The entrepreneurship bug bit him when he was a child. Arroyo watched his uncles and aunts start their own businesses. His mother is an entrepreneur who started a cake shop in Waco and sold her goods solely through word of mouth. The business made enough to support and educate her children and helped Arroyo become the first in his family to graduate high school and obtain undergraduate and graduate degrees in college.
Another Start Up Waco board member and retired plant manager, Sherman Ayres, became involved partially because he liked the comprehensive nature of the organization. He said, “Waco is in the process of developing new solutions to address long-standing challenges, including how to engage and support the entire community… as an African-American professional, I am encouraged by the intentionality of this organization to be truly inclusive from the start. The board of directors is a well-balanced group of males and females and people of color.”
As for its potential impact on the area, he said the organization is “poised to create significant opportunities for our entire community, and, for me, that possibility is very exciting.”
Jeremy Vickers, Baylor’s associate vice president for external affairs since last June and a Start Up Waco board member, serves a key role for Hustle. He brings a wealth of entrepreneurial experience and knowledge to Waco, having been the executive director of the Institute for Innovation and Entrepreneurship at the University of Texas Dallas and also co-founder of the Dallas Entrepreneur Center.

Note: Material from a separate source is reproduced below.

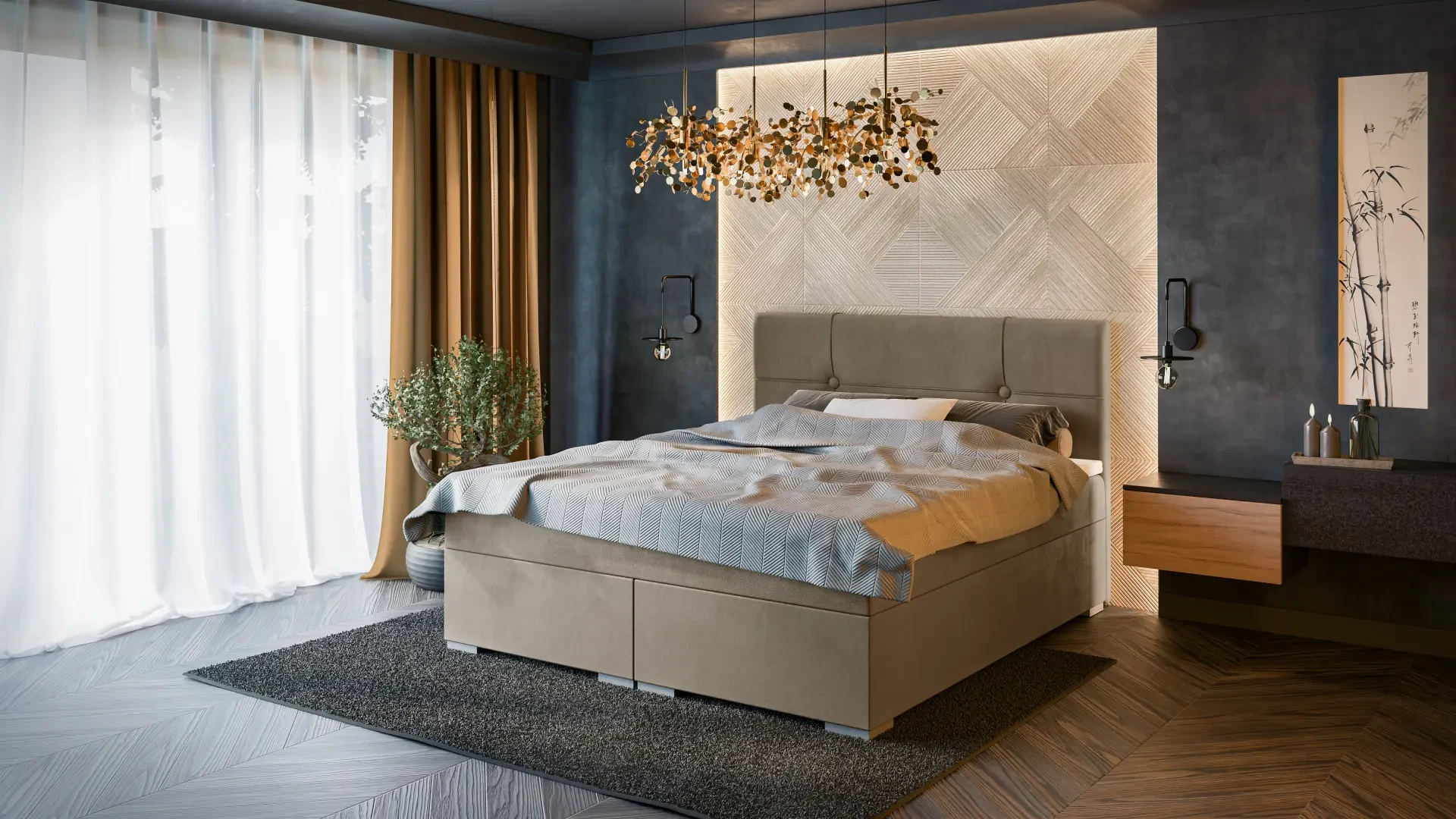 Łóżka kontynentalne z serii Gaia z opcją pojemnika występują w aż 7 wariantach szerokości oraz wielu tkaninach do wyboru. Wariant o szerokości 200 cm, za sprawą swoich wymiarów, idealnie sprawdzi się jako łóżko sypialniane dla dwóch osób dorosłych. Dzięki zastosowaniu pojedynczego materaca w węższych wersjach i oddzielnych materacy w szerszych stanowi wygodne posłanie i niezależny komfort spania. Klasyczne, przeszywane wezgłowie z guzikami jest eleganckie i miłe w dotyku dzięki zastosowaniu 3 cm pianki pod tkaniną - nasi Klienci zgłaszają że potrafi nawet nieco wyciszyć odgłosy chrapania ich partnerów ;) Łóżko kontynentalne to wybór dla osób poszukujących eleganckich i masywnych mebli, ceniących komfort i lubiących spać na wyższej niż przeciętne łóżko wysokości.

He was quick to point out that he was not involved in the early years of the local project but arrived in the midst of the roll-out of Hustle. “I showed up in the middle of this, so it’s almost unfair for me to pretend I’ve played a big role. I jumped on a fast-moving train. Now I’m throwing coal on the fire with a group of other people,” he said with a laugh.
Other board members differ with that assessment and instead look to Vickers as a guide through the entrepreneurship ecosystem. The very successful center in Dallas under Vickers’s leadership experienced some important missteps in its early years that taught him a lot. “Failure is learning. We want to share those failures, and we want to show what it’s like to run one of the spaces, like Hustle,” he said.
Vickers expects that Start Up Waco will increase the quality and quantity of entrepreneurship in the local community. “We want to be an inclusive environment where no one is left behind, where anyone who strives can succeed,” he said.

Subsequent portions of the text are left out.